Samuel Grygar

Personal information
- Date of birth: 9 August 2004 (age 22)
- Place of birth: Czech Republic
- Height: 1.85 m (6 ft 1 in)
- Position: Midfielder

Team information
- Current team: Mladá Boleslav (on loan from Baník Ostrava)
- Number: 14

Youth career
- 2011–2014: Vítkovice
- 2014–2020: Baník Ostrava
- 2020–2023: Inter Milan

Senior career*
- Years: Team / Apps / (Gls)
- 2023–: Baník Ostrava / 16 / (0)
- 2025–2026: → Ružomberok (loan) / 25 / (0)
- 2026–: → Mladá Boleslav (loan) / 0 / (0)

International career
- 2018–2019: Czech Republic U15 / 10 / (0)
- 2019–2020: Czech Republic U16 / 6 / (0)
- 2021–2022: Czech Republic U18 / 13 / (3)
- 2022–2023: Czech Republic U19 / 3 / (0)
- 2023–2024: Czech Republic U20 / 5 / (0)

= Samuel Grygar =

Czech footballer (born 2004)

Samuel Grygar (born 9 August 2004) is a Czech professional footballer who currently plays as a midfielder for Mladá Boleslav on loan from Baník Ostrava.

== Club career ==
Grygar started his career in the MFK Vítkovice youth academy, playing there for 3 years.

=== Inter Milan youth ===
In September 2020, he transferred from Baník Ostrava to the Italian club Inter Milan, where he began playing for the youth team there.

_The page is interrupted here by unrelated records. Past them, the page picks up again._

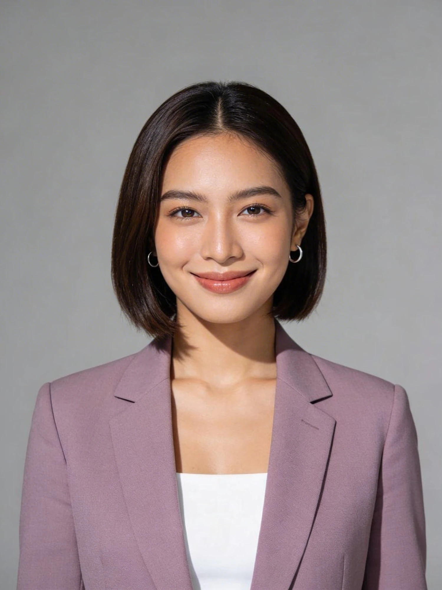 Studio portrait of a Thai female, age 28; light-medium skin with neutral undertone; sleek dark brown bob cut just below the chin; soft radiant makeup. Outfit: muted lavender tailored blazer worn over a white square-neck top, no logos. Jewelry: small silver hoop earrings. Neutral mid-gray seamless backdrop; Rembrandt lighting with soft fill; 105 mm macro-sharp. Expression: confident and approachable, gentle closed-mouth smile, direct eye contact. Framing: 3:4 portrait, mid-chest-up, centered, eye level, front view; same distance to camera; full head inside; shoulders visible. No props, no logos.
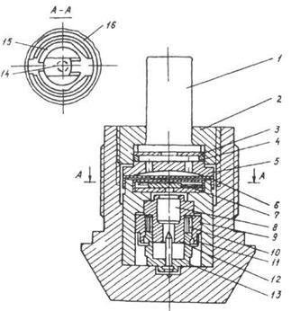 жесткий, 12 — втулка верхняя, 13 — ударник инерционный с жалом,
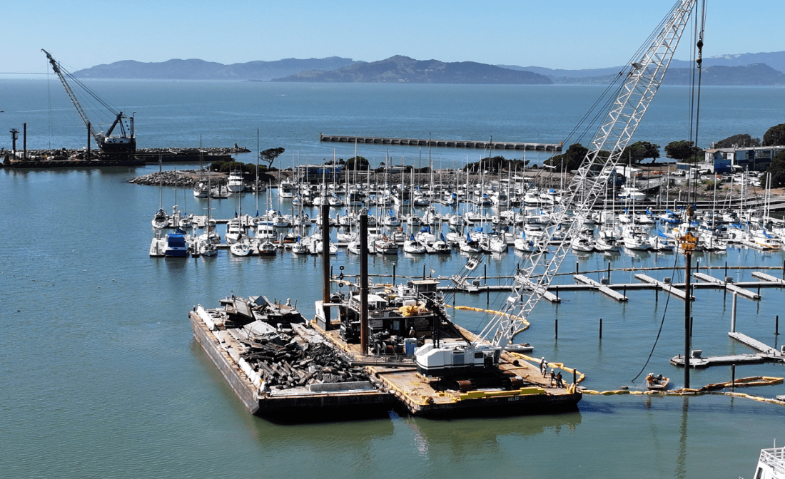Berkeley Marina D & E Docks demolished and dredged, paving way for new dock construction.
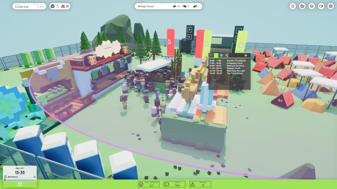 Festival Tycoon is split into two halves: the building stage and the live stage. The building stage is where you will likely spend most of your time because once you hit go on the festival, that’s it. You can’t make changes. No going back. That means, in the first stage, you have to place your stages, set out your camping areas and depressing banks of toilets, slot in the merch and food stalls… andthen,because you’ve run out of money, you have to find sponsors, and then book bands and plan the lineups… It’s… it’s a lot. Impressively granular. I think to do it successfully I’d need to pre-plan playing the game in a notebook, as well.
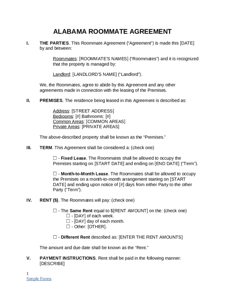 Alabama roommate agreement template form: A comprehensive guide
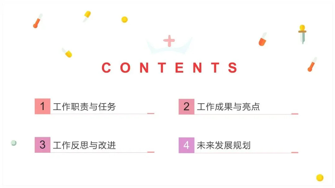 💊本PPT内容包含工作职责与任务、工作成果与亮点、工作反思与改进、未来发展规划这四个部分。
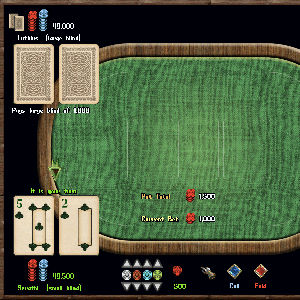 When it is a player’s turn, a bell sound plays, and the action menu appears. The game automatically sets the player’s initial bet to match the current call amount. Players can increase or decrease their bet using the Up and Down arrows next to each chip type. Clicking the Blue button places the bet, with its text changing dynamically between Check, Call, or Raise. Players who wish to fold can do so immediately by clicking Fold.
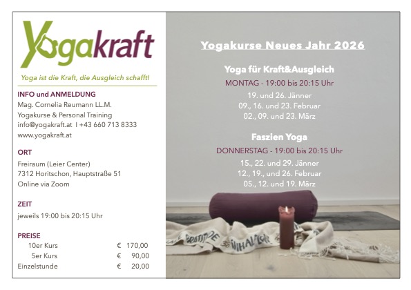 Bitte Yogamatte, Decke, bequeme Kleidung und eventuell Trinkwasser mitbringen. Alle übrigen Hilfsmittel werden zur Verfügung gestellt.
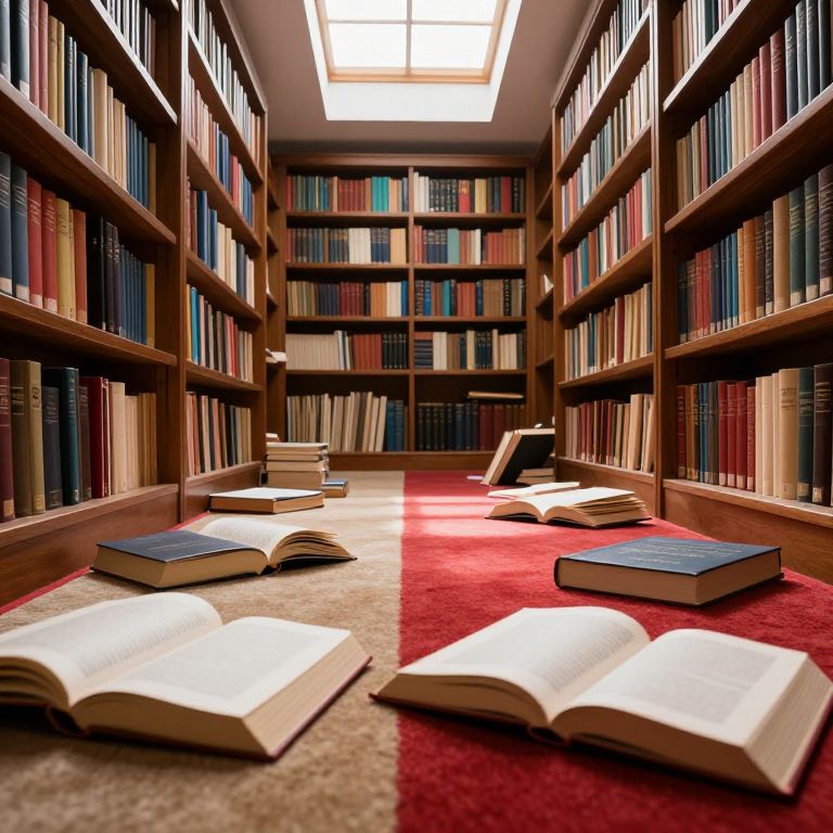Photograph of a spacious, well-lit library with tall wooden bookshelves lining both sides, filled with colorful books. The floor is covered in a red and beige carpet. Several open books with visible pages are scattered on the carpet, with some stacked neatly. Sunlight streams through a large skylight in the ceiling, casting bright light across the room. The background shows more bookshelves filled with books, creating a cozy and inviting atmosphere. The image has a warm, realistic style.
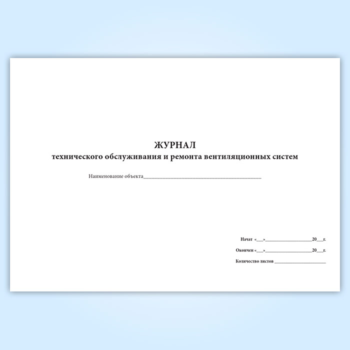 Журнал технического обслуживания и ремонта вентиляционных систем в Ижевске купить
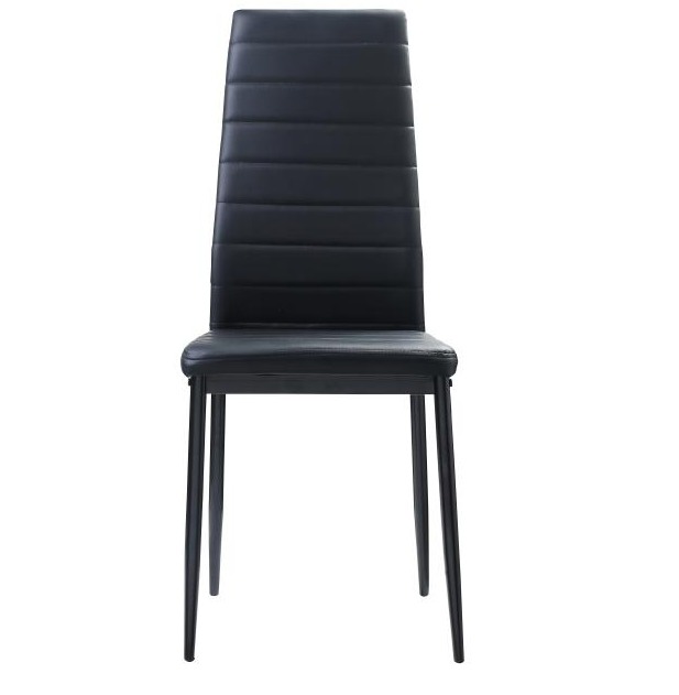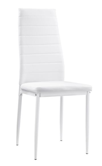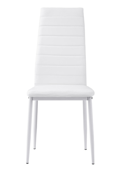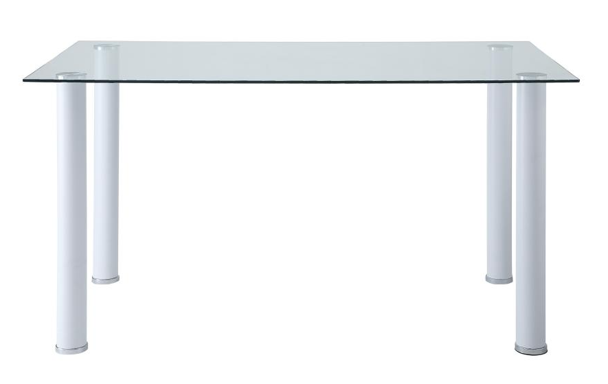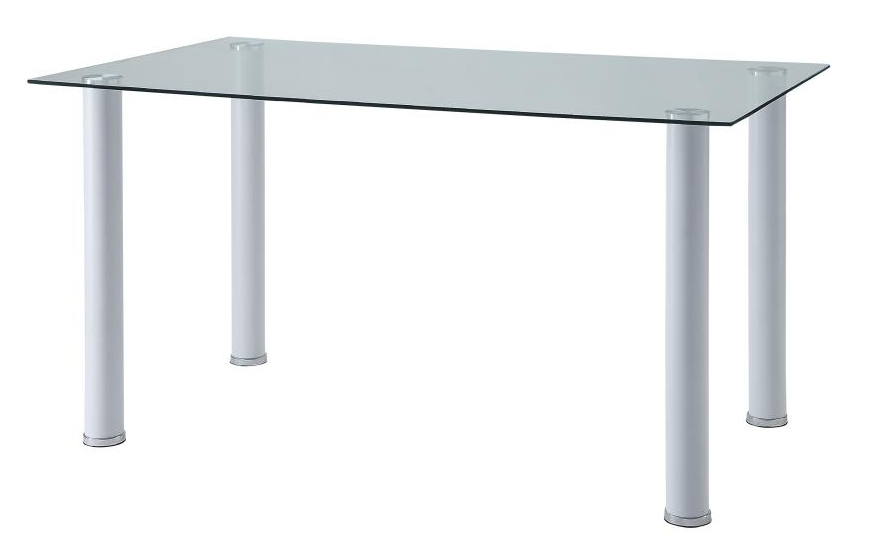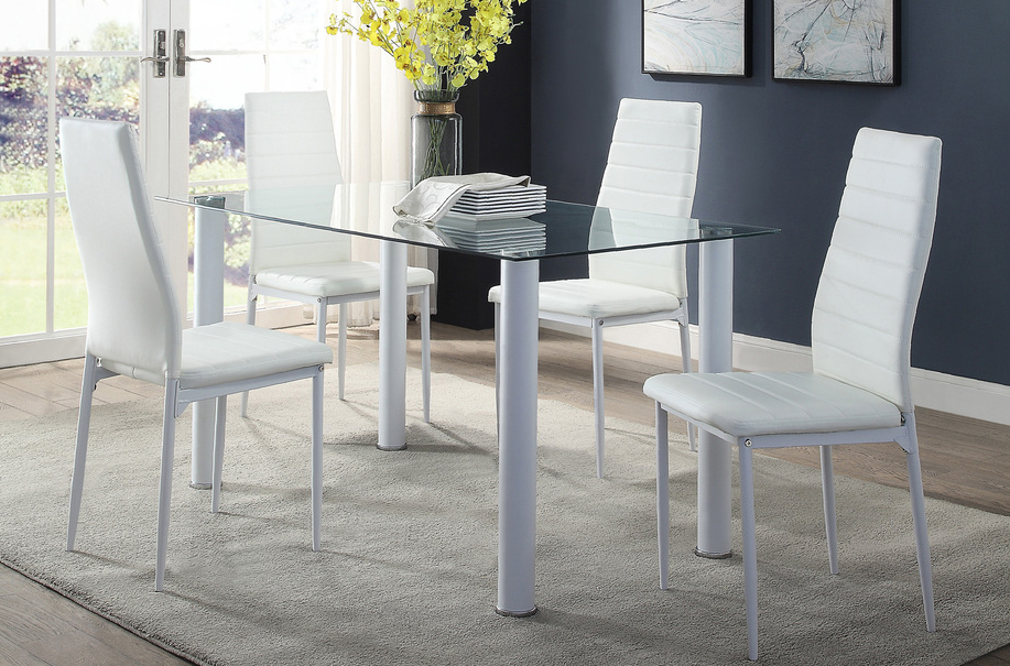 Ultra modern styling is exemplified with the design of the Florian Collection. White metal legs with clear glass top – for the perfect fit in your casual dining space. Faux leather covered seats in coordinating black or white complete the contemporary look.
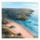 Aerial beach and town painting, was inspired by an aerial photo. Usually my paintings are quite textured, but this image inspired me to make “Soft and Dreamy Perranporth”. Smooth almost abstract in places, digital paining of Perranporth, Cornwall. Lines of blue waves meet the cliffs and tan and pink beach at sunset. Rows of houses and buildings in the town and on the cliffs. Hazy thin clouds in a blue sky,
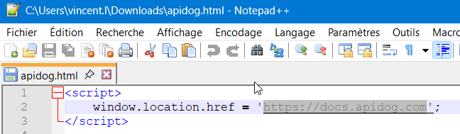 The downloaded file is not the expected ZIP archived, but an HTML file named “apidog.html” with a script that redirects to https://docs.apidog.com
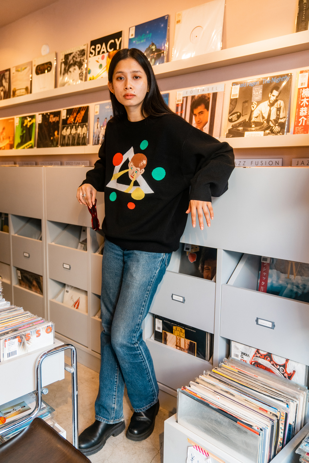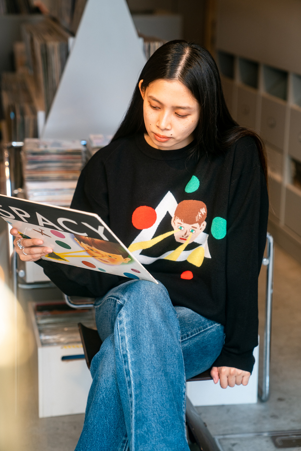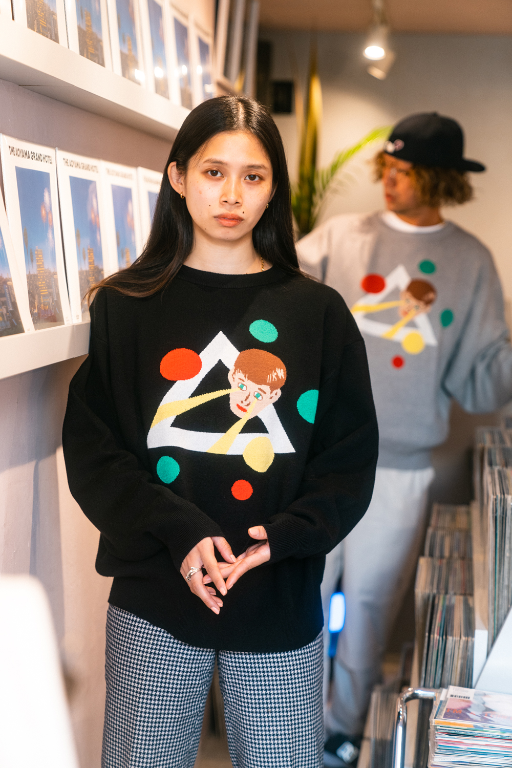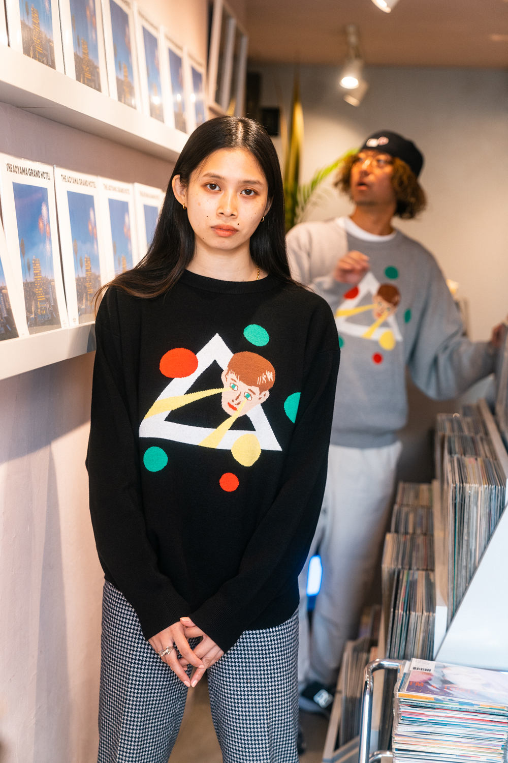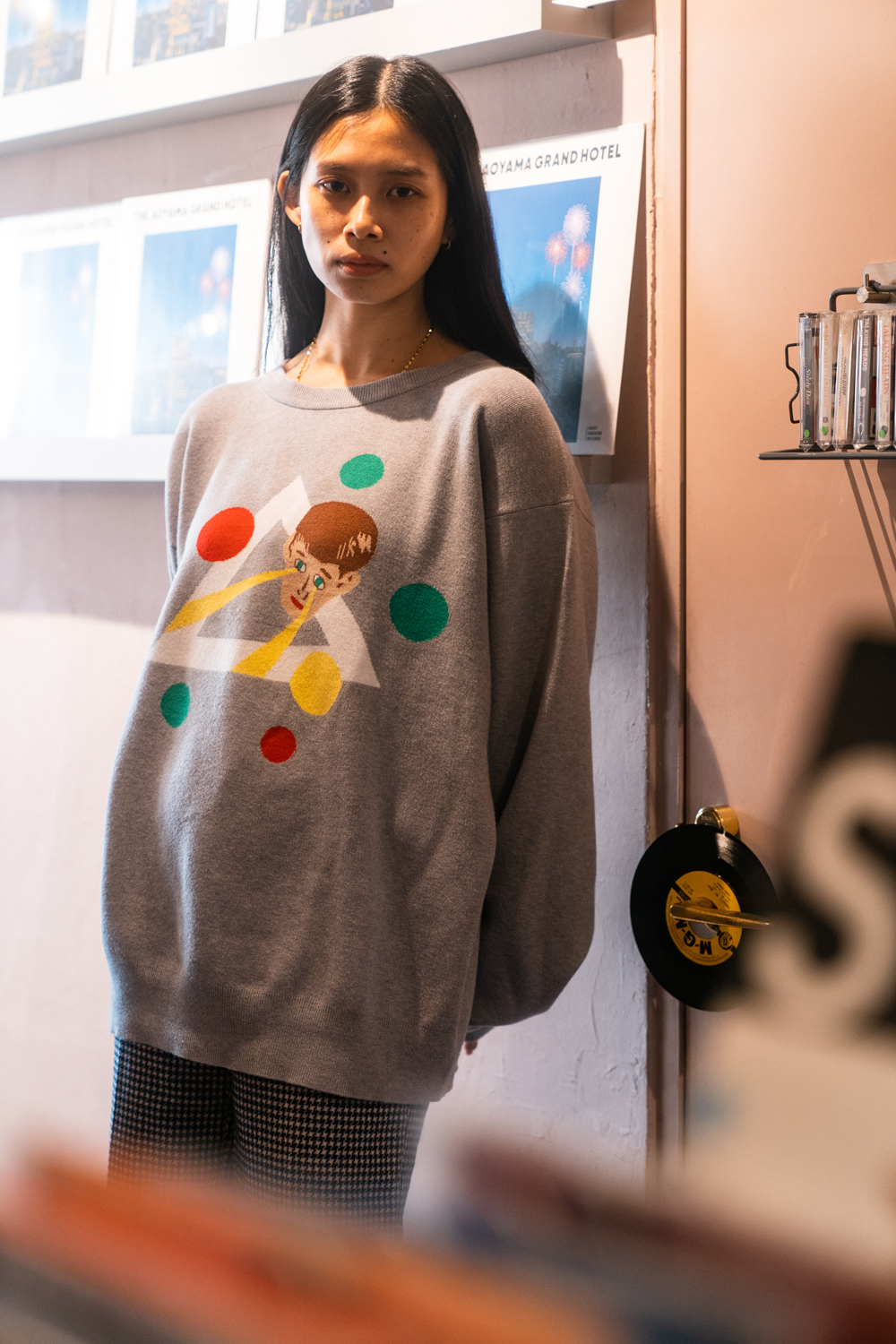 90sレガシー・スウェットからパターンを起こし、太いアームが特徴的なシェイプとなっている「NEMES "SPACY" KNIT」(NEMES 249 | 12,000円 + 税)は、ブラックとグレイの2色展開。某国内レジェンドが1970年代後半にリリースした名盤をモチーフにしたグラフィックがフィーチャーされています。
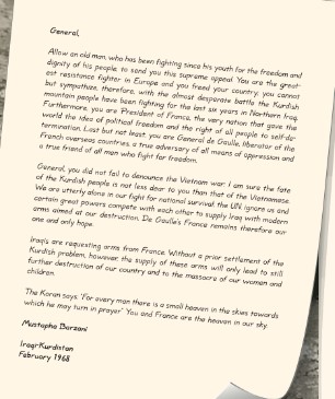 In his letter, Barzani thus appealed to de Gaulle, one of the most prominent leaders in post-World War II Europe, for assistance: “General, you did not fail to denounce the Vietnam war; I am sure the fate of the Kurdish people is not less dear to you than that of the Vietnamese.”
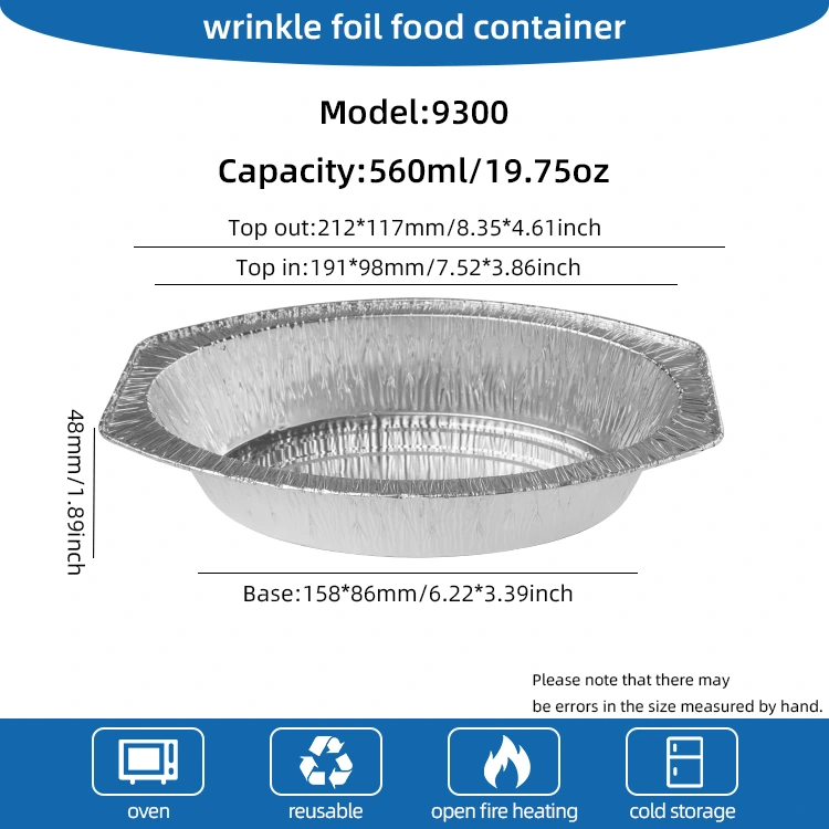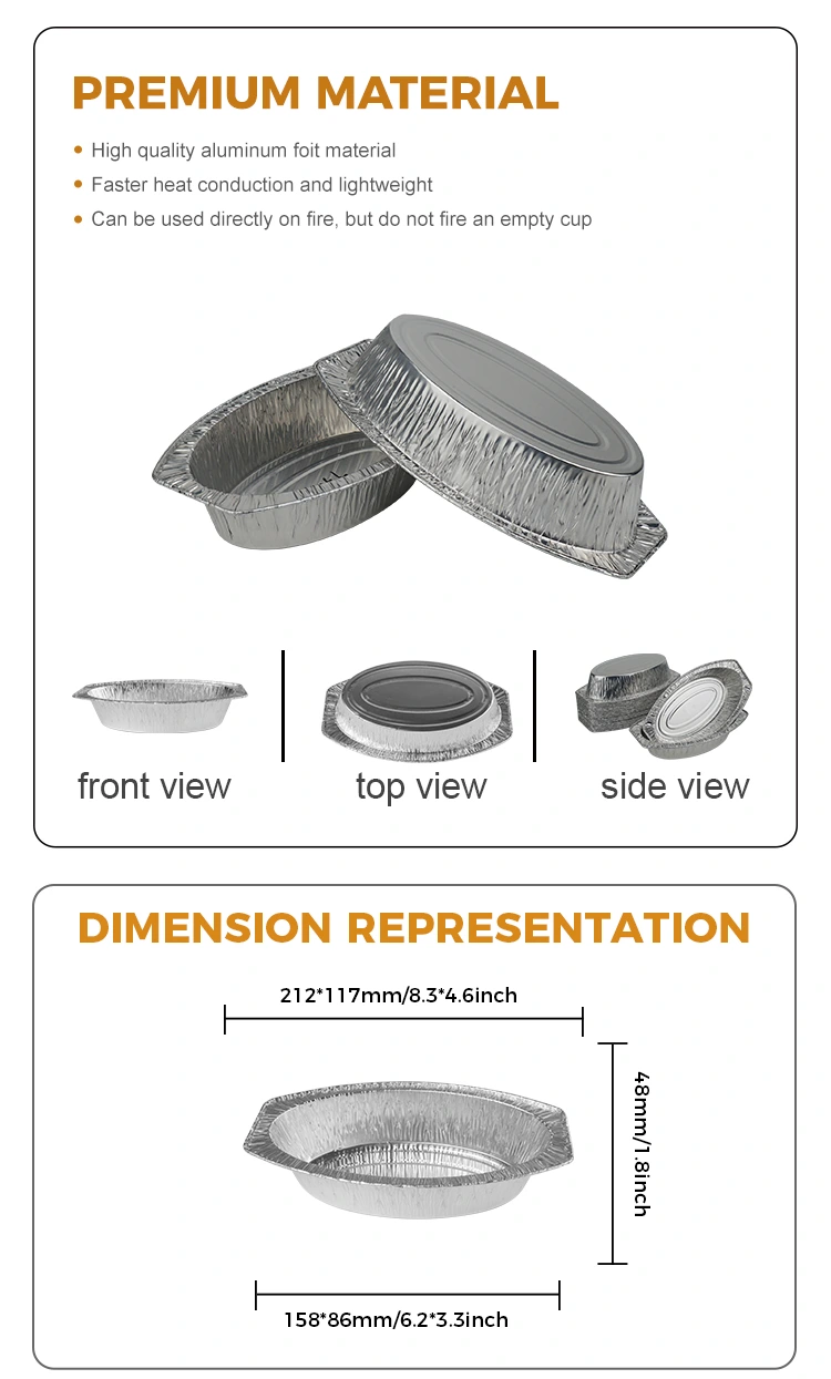 Yunchu aluminiumsfolie oval bagt brød sølv aluminiumsfoliebeholdere kan bruges direkte i ovnen eller grillen, hvilket er meget praktisk. Når man kun vejer 5,9 gram, er det let at stable pænt, effektivt spare plads til transport, restaurantbelægning og køkken. Produktets lette vægproces gør overfladen glat og ryddig, og det sølvlyse udseende er ikke kun smukt og elegant, men også praktisk for store supermarkeder at mærke og scanne koder.

Grygar won the Primavera, the Italian junior league, with Inter in 2022. He occasionally trained with the A-team, but did not play in a match.

=== Baník Ostrava ===
Grygar became a Baník player again in the summer of 2023. After three seasons at the Italian Inter, he signed a four-year contract with the club. He made his league debut on 17 March 2024 in a 1–0 win against Pardubice, when he replaced Jiří Boula as a substitute in the 90th minute.

=== Loan to MFK Ružomberok ===
On 15 July 2025, it was announced that Grygar would be joining Slovak First League club MFK Ružomberok on a loan. He started his loan in the worst possible way, during a pre-season training session with Romanian side Voluntari, Grygar was fouled hard by an opponent, injuring ligaments in his ankle.

Grygar made his debut for Ružomberok on 16 August 2025, coming on as a substitute in the 65th minute for Timotej Múdry. He was not able to make an impact in a 1–0 loss against Zemplín Michalovce. Grygar would receive his first start for Ružomberok in a 3–1 loss against FC Košice, playing 71st minutes. He featured in a historic 2–1 away win against ŠK Slovan Bratislava. Grygar's first goal contribution would come in a 2–1 win against MŠK Žilina, assisting a goal scored by Adam Tučný.

=== Loan to Mladá Boleslav ===
On 19 August 2026, Grygar joined Mladá Boleslav on a one-year loan deal with an option to make the transfer permanent.